British households may have to shoulder a hike on their energy bills from the beginning of April because of new proposals from Ofgem. The suggestion is already drawing strong criticism from groups which claim the energy companies have been “ripping us all off, plunging people into fuel poverty while raking in juicy profits”.
Increase
The regulator has proposed an increase to the maximum many households can be charged on their bills, claiming that the pandemic is putting pressure on energy companies.
Ofgem said it is considering a £21 per household coronavirus hike to the default price cap when it next comes up for review. This would come on top of any other changes made to the amount energy companies can charge customers on their default rates.
The current price cap, which runs between October 2020 and the end of March 2021, is set at £1,042 per household for both gas and electricity. Ofgem reviews this cap every six months, and was already widely expected to hike the cap in February when it announces the new cap which will come into force in the beginning of April.
Coronavirus has seen more households struggling with energy bills this year, resulting in rising debts with suppliers.
We’re now considering how these higher costs for suppliers should be factored when we set the levels of the energy price cap 👉 https://t.co/RI03ifQK3m pic.twitter.com/sdgyIZlGNN
— Ofgem (@ofgem) November 20, 2020
Hike
Energy prices have gone down in the last three consecutive reviews. However wholesale energy prices have recovered from the lows they hit earlier this year when demand for fuel collapsed because of the coronavirus crisis.
Ofgem claimed the potential £21 hike will help remove some of the pressure on energy companies who are facing high levels of unpaid bills as households struggle to keep up during the pandemic. The hike would allegedly let them recover an estimated £200m of bad debt.

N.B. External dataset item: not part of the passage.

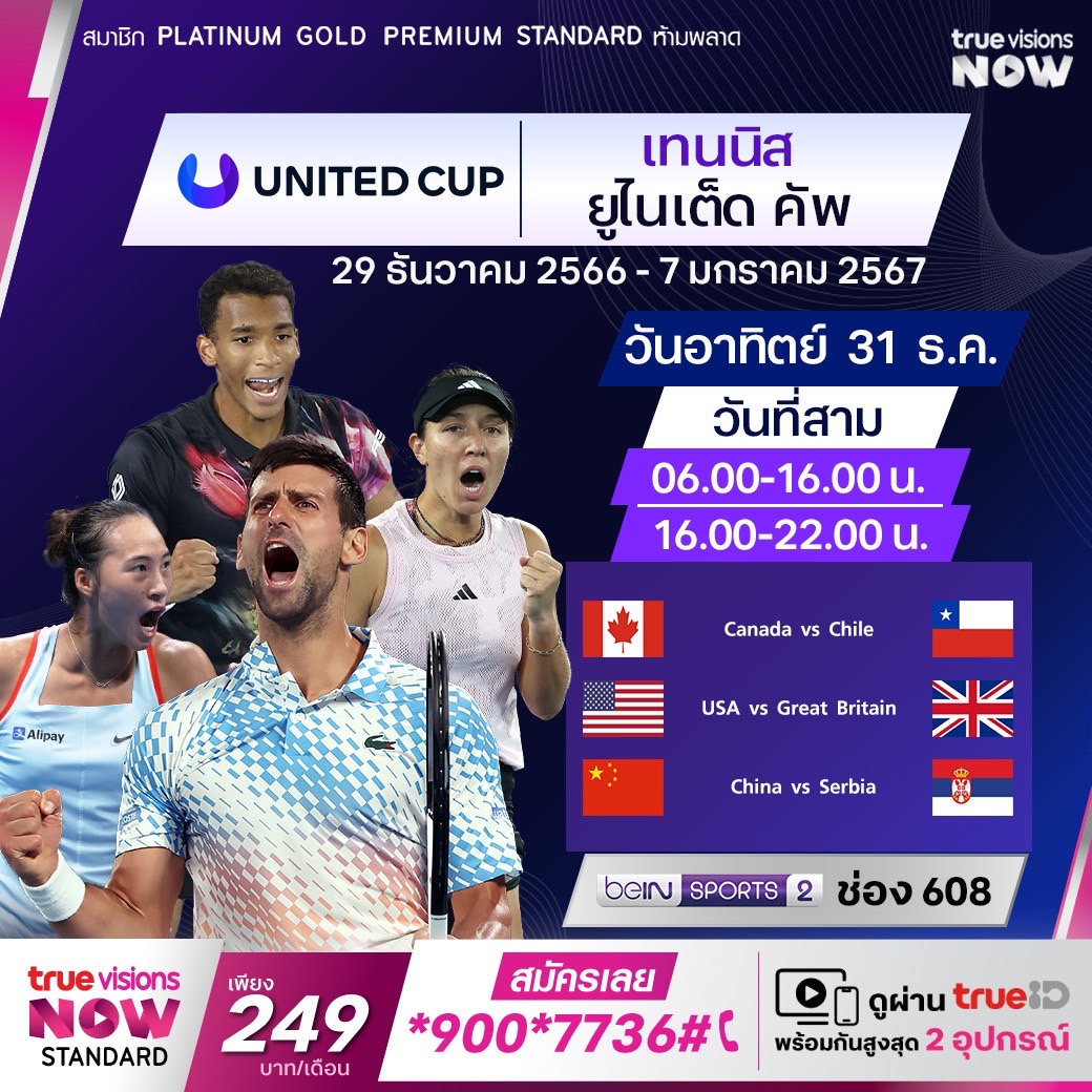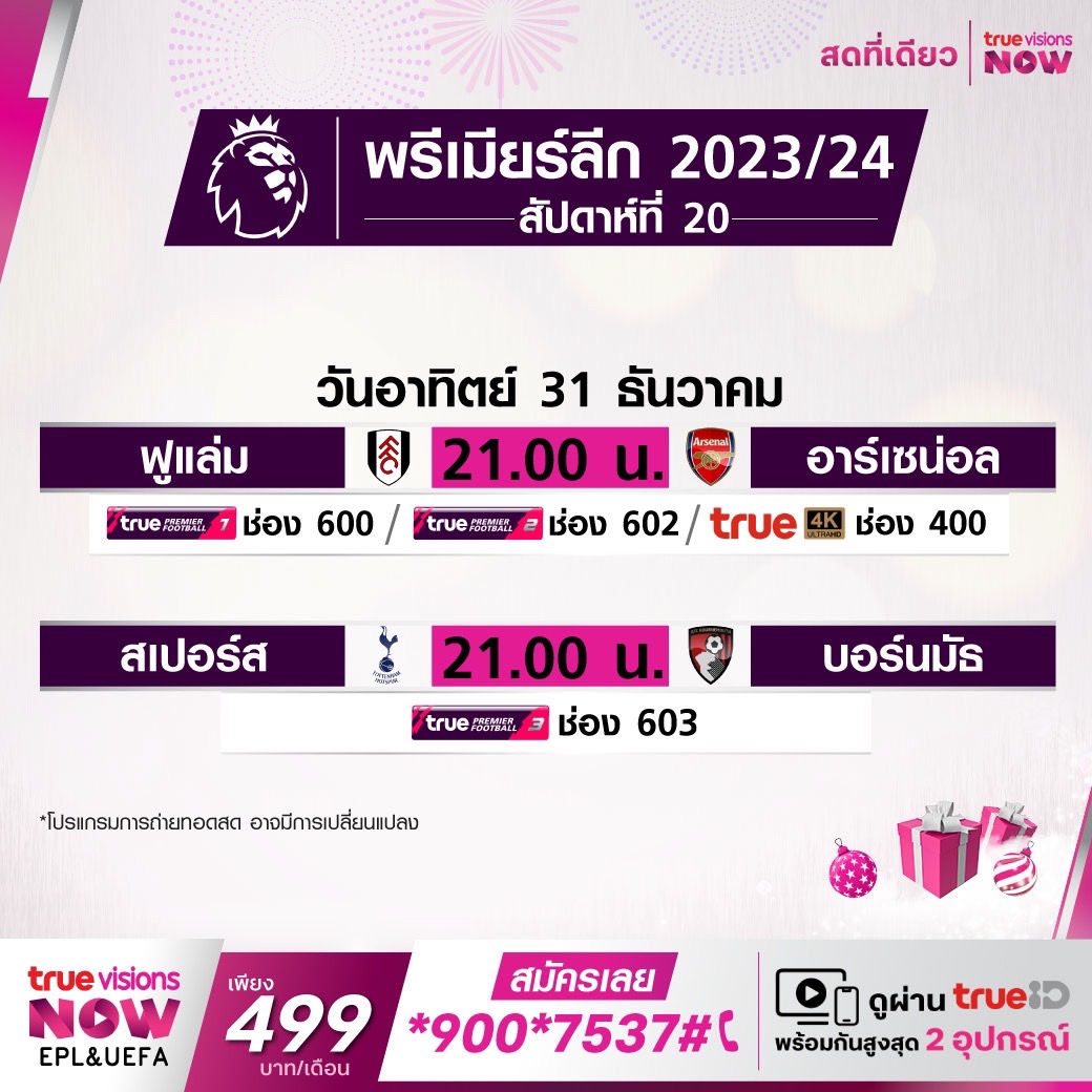 วันนี้มีอะไรดูที่ ทรูวิชั่นส์ ประจำวันอาทิตย์ที่ 31 ธันวาคม 66 ในส่วนของฟุตบอลยังมีศึกพรีเมียร์ลีก อังกฤษ ให้ได้ตามเชียร์กันต่อ ขณะที่กีฬาอื่นๆ ยังมีศึกเทนนิส ยูไนเต็ด คัพ และอเมริกันฟุตบอลเอ็นเอฟแอล งานนี้ ทรูวิชั่นส์ จัดเต็มให้ชมกันถึงบ้าน

Consultation on the proposals will run until 21 December, and Ofgem will share its decision in February before announcing the new price cap. Many of Britain’s biggest energy companies have laid off thousands of workers during the pandemic.
E.On became the latest on Thursday when it announced around 695 jobs will be cut. It followed Centrica, which announced 5,000 cuts in June, and Ovo, which said it would cut 2,600 jobs in May.
“Shocking”
Director of We Own It Cat Hobbs criticised the proposal:
These proposals from Ofgem are absolutely shocking. The idea that at a time when millions of people are struggling to pay their bills, the solution would be to charge people even more is farcical.
For far too long, private energy companies have been ripping us all off, plunging people into fuel poverty while raking in juicy profits. It has to stop. But we can’t expect the private companies or a toothless regulator to stop extracting as much money as possible out of people through energy bills.
The only way we will deliver a fair system is to kick out the profiteers and bring our energy into public ownership, which would save us billions and is backed by the majority of the British public. By bringing just the energy networks into public hands we’d save £3.7 billion every single year.